» **To do**
The required answer is an exact copy of every line from the beginning of the entries through the line with "同学你好,在算保费收入的时候", with all pictures omitted.

** Opening Source information block **

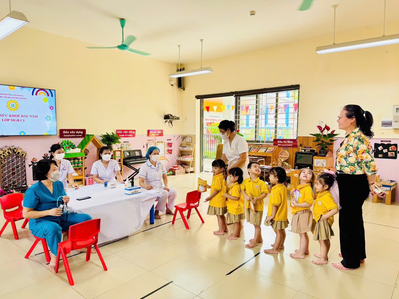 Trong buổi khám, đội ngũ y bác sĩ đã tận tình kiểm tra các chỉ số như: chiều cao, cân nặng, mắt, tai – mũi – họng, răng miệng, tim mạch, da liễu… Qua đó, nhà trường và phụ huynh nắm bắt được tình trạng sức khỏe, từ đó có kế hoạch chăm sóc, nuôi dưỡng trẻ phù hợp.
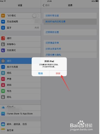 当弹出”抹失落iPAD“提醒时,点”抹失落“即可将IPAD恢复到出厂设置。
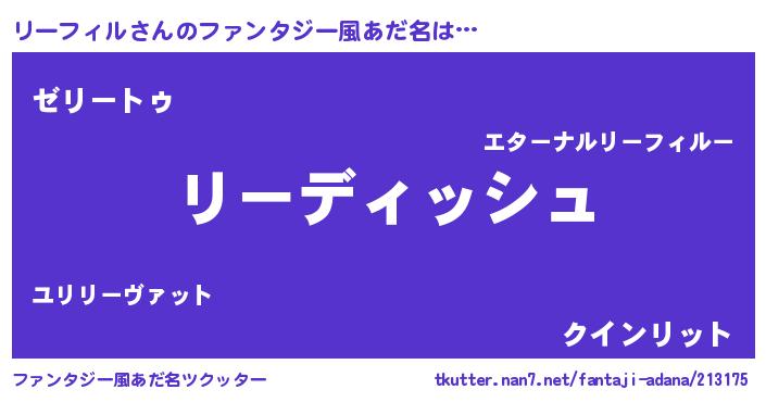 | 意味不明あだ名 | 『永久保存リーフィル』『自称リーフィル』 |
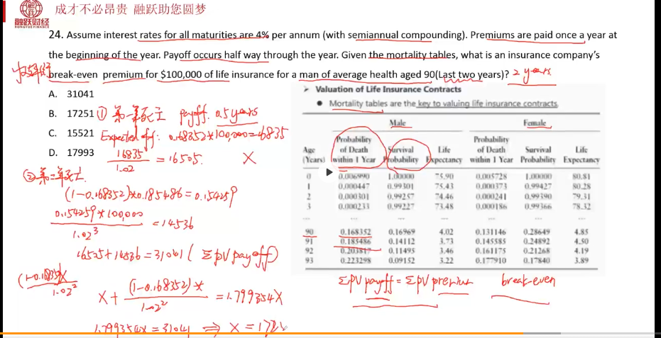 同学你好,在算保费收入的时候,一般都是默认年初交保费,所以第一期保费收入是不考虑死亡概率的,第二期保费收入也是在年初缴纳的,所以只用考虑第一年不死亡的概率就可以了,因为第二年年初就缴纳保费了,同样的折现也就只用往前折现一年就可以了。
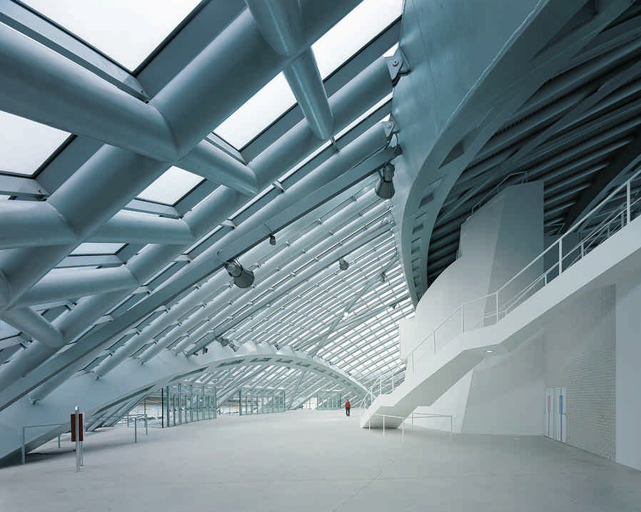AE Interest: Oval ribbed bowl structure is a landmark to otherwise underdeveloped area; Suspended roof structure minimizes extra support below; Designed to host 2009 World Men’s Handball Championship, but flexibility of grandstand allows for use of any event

** Closing Source information block **

» **Expected answer**
 Trong buổi khám, đội ngũ y bác sĩ đã tận tình kiểm tra các chỉ số như: chiều cao, cân nặng, mắt, tai – mũi – họng, răng miệng, tim mạch, da liễu… Qua đó, nhà trường và phụ huynh nắm bắt được tình trạng sức khỏe, từ đó có kế hoạch chăm sóc, nuôi dưỡng trẻ phù hợp.
 当弹出”抹失落iPAD“提醒时,点”抹失落“即可将IPAD恢复到出厂设置。
 | 意味不明あだ名 | 『永久保存リーフィル』『自称リーフィル』 |
 同学你好,在算保费收入的时候,一般都是默认年初交保费,所以第一期保费收入是不考虑死亡概率的,第二期保费收入也是在年初缴纳的,所以只用考虑第一年不死亡的概率就可以了,因为第二年年初就缴纳保费了,同样的折现也就只用往前折现一年就可以了。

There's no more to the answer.